- Après une activité intellectuelle intense, les personnes fatiguées montrent l'émergence de zones avec des ondes de sommeil typiques dans certaines zones du cortex frontal, qui étaient complètement absentes dans d'autres.
- Cela se traduit par une propension accrue à faire des actes agressifs dans un contexte de choix socialement pertinent.
- "Ces données ont des implications importantes pour de nombreuses situations de la vie quotidienne, y compris les transactions économiques et les accords juridiques", selon les auteurs.
Lassitude, inefficacité, épuisement… Ce sont les mots employés après une activité intellectuelle intense. Lorsqu’un certain degré de fatigue mentale s'installe, notre comportement peut changer, plus précisément on peut agir de manière hostile. C’est ce qu’ont récemment constaté des chercheurs en neurosciences et en économie de l'IMT School of Advanced Studies Lucca (Italie). Pour parvenir à cette conclusion, ils ont mené une étude, dont les résultats ont été publiés dans la revue Proceedings of the National Academy of Sciences (PNAS).

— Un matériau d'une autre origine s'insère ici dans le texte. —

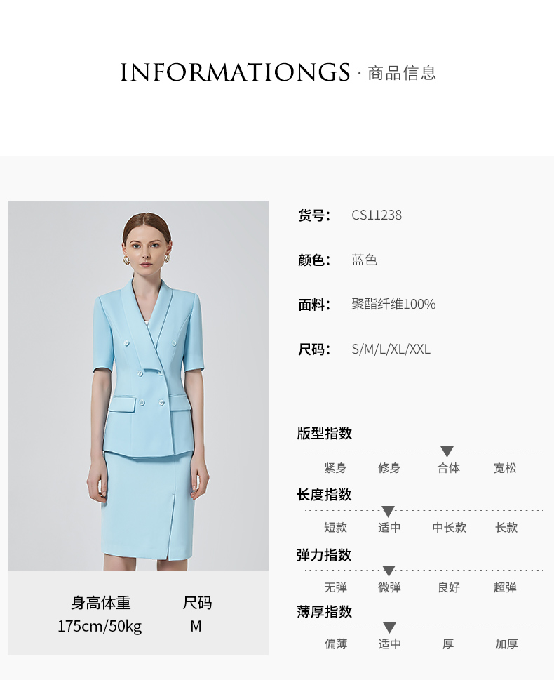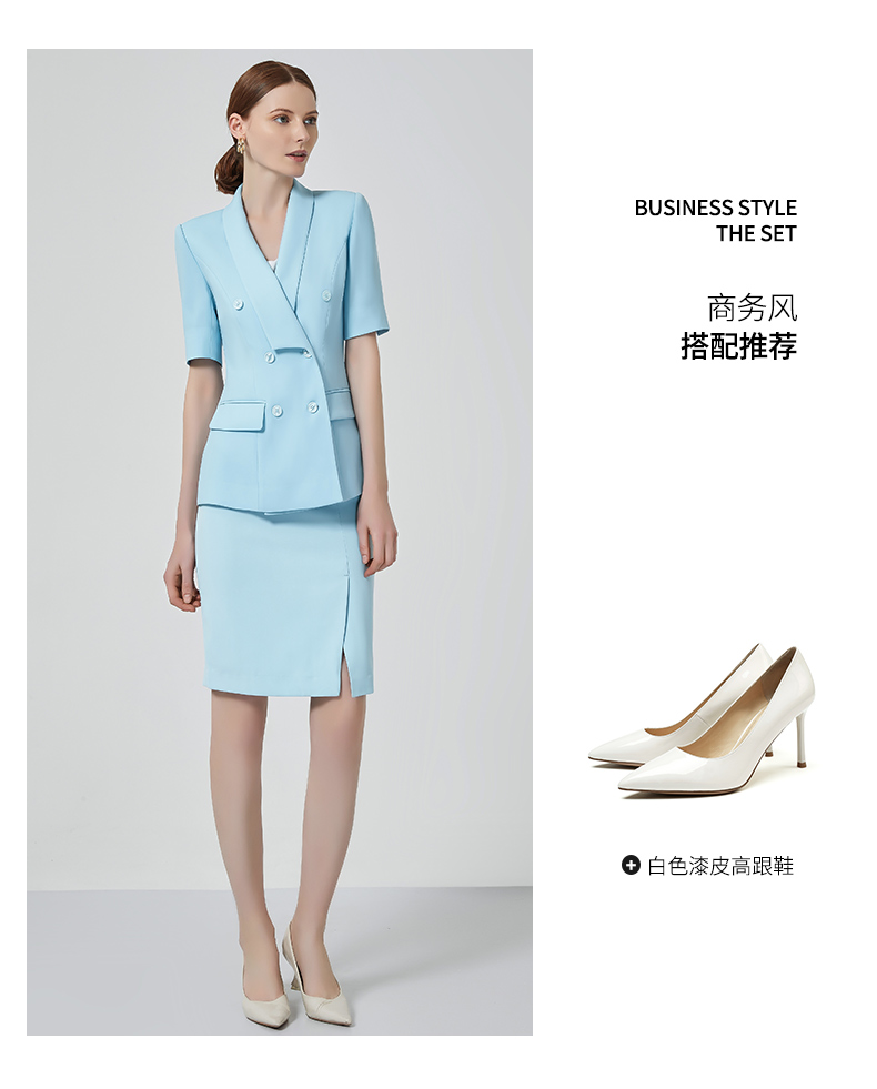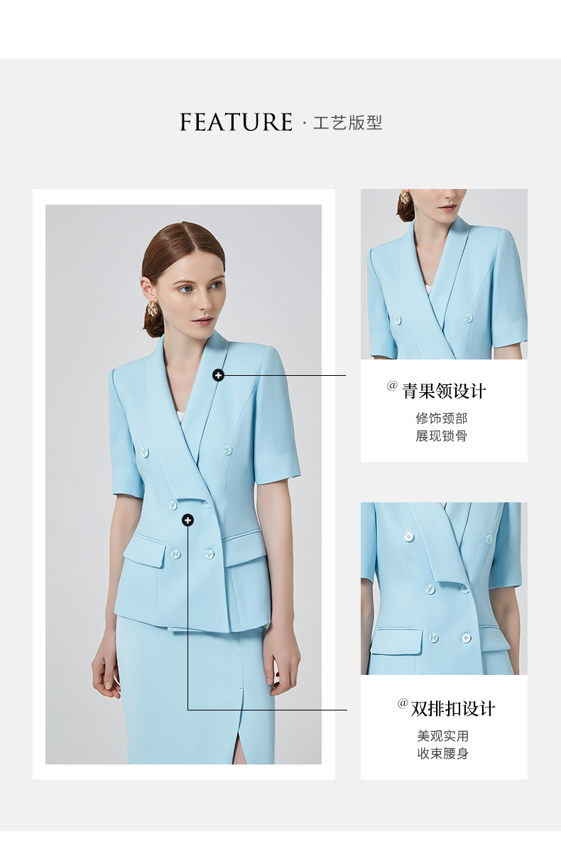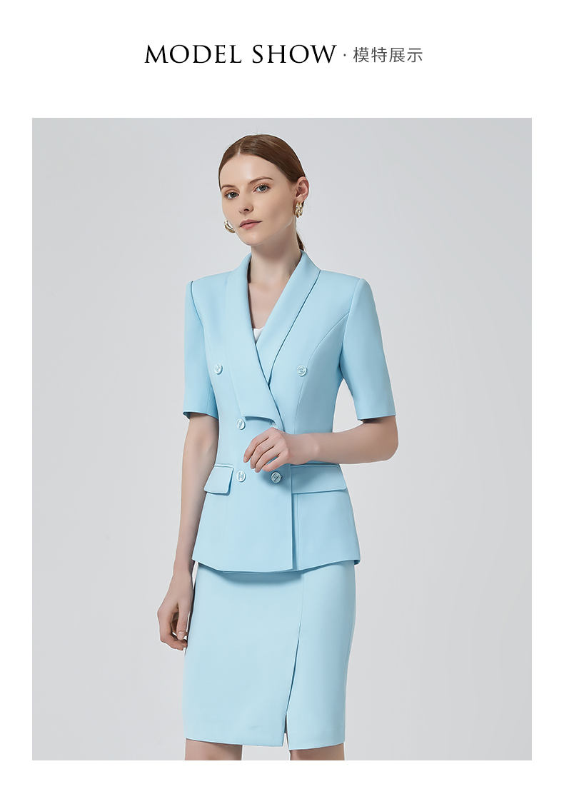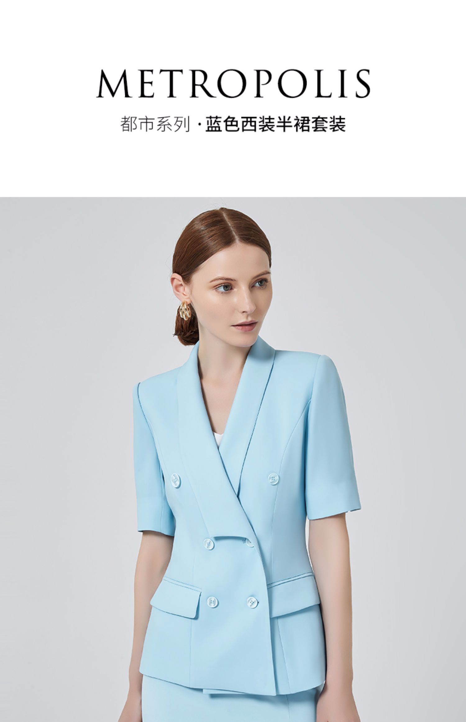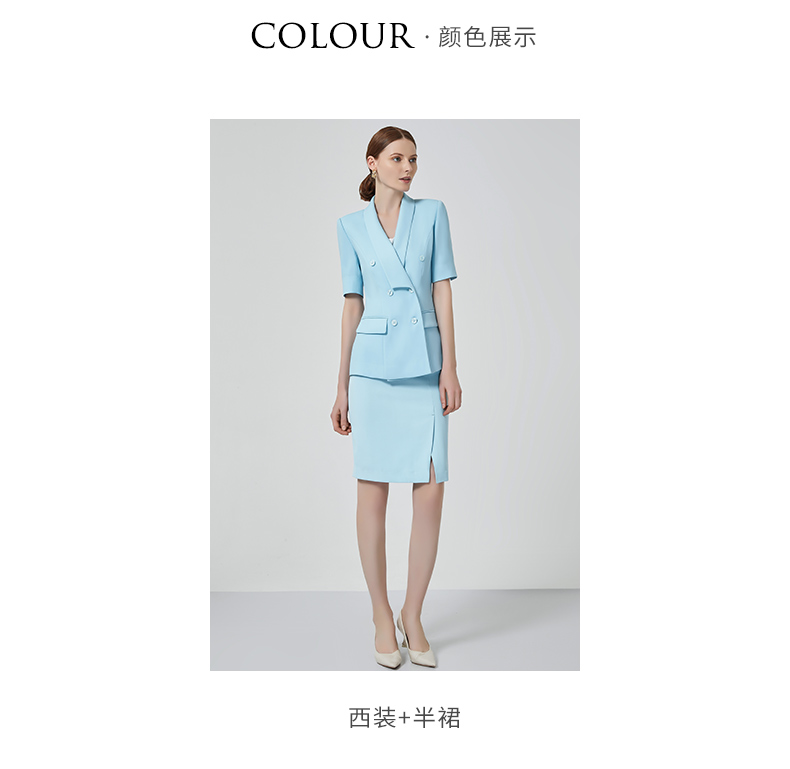 IWY/韩版干练职业套装女工装装短袖西装套裙气质商务正装两件套C11238+S10223

La fatigue mentale entraîne une hausse de l'activité cérébrale de type sommeil et des actes agressifs
Dans le cadre des recherches, l’équipe a recruté 44 adultes qui ont effectué des tâches cognitives d’une heure au lieu de 15 minutes. Ensuite, les participants ont joué à des jeux économiques qui exigeaient différents degrés d'agressivité et de coopération, notamment le jeu dit "de l'épervier et de la colombe". Dans ce jeu, des ressources limitées doivent être partagées dans une situation d'environnement hostile, les personnes ayant le choix entre collaborer ou adopter un comportement autoritaire, ce qui peut entraîner la perte de ressources pour les deux parties. Pendant toute l’intervention, leur activité cérébrale a été analysée grâce à un électroencéphalogramme (EEG).
D’après les résultats, par rapport à un groupe témoin non soumis à la fatigue mentale prolongée, les volontaires ayant fait des tâches cognitives et joués aux jeux économiques se sont révélés moins coopératifs et plus hostiles. Plus précisément, le taux de coopération pacifique est passé de 86 % dans le groupe "sans fatigue" à 41 % dans le groupe épuisé mentalement. De tels changements de comportement sont liés un phénomène, appelé "sommeil local", que les auteurs ont identifié. Ce dernier se produit lorsque certaines zones cérébrales d’une personne éveillée commencent à montrer sur l’électroencéphalogramme une activité neuronale typique observée pendant le sommeil, à savoir des ondes delta. "L'apparition locale d'ondes lentes de type sommeil peut conduire à un désengagement des zones frontales et expliquer la capacité réduite des individus à exercer un contrôle de soi efficace", peut-on lire dans les travaux.
Fatigue mentale : "des implications importantes pour de nombreuses situations de la vie quotidienne"
"Dans l'ensemble, ces données ont des implications importantes pour de nombreuses situations de la vie quotidienne, y compris les transactions économiques et les accords juridiques, car ils démontrent que lorsque le cerveau est 'fatigué', nous pouvons faire des choix qui vont même à l'encontre de nos propres intérêts. En fait, c'est ce que les gens font également dans la plupart des actes criminels", a conclu Pietro Pietrini, qui a participé à l’étude.